— DATA EXTRACT —

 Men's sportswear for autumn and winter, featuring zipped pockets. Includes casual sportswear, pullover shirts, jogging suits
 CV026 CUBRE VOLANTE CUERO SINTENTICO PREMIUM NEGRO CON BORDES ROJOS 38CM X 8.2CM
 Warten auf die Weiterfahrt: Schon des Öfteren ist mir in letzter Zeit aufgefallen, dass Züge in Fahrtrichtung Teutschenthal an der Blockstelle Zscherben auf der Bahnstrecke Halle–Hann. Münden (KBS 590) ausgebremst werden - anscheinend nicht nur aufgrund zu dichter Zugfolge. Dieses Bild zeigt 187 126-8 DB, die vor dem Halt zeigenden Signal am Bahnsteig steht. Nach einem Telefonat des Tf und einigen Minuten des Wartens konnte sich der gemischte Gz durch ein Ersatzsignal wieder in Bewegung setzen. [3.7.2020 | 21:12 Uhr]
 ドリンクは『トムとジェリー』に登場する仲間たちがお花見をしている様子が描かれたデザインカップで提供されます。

---

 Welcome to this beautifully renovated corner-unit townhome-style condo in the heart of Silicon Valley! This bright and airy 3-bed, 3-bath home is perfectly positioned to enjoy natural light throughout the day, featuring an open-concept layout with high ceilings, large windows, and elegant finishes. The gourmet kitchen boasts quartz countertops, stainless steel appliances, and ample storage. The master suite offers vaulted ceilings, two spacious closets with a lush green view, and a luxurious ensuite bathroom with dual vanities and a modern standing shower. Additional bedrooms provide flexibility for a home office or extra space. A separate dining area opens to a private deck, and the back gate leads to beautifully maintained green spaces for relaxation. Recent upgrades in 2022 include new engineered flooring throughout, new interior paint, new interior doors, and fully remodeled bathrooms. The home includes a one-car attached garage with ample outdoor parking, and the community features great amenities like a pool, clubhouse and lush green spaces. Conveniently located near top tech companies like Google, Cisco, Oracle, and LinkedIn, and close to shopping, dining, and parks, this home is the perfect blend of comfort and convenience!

==

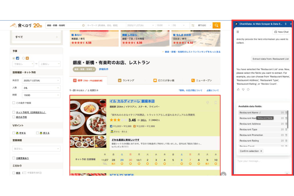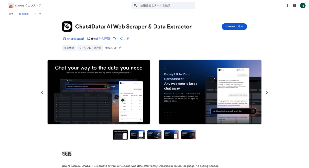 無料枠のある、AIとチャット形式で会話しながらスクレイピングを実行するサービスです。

— WHAT TO DO —
Among the records above, how many lines carry the string "featuring"? Reply with the number alone.

— EXERCISE SOLUTION —
2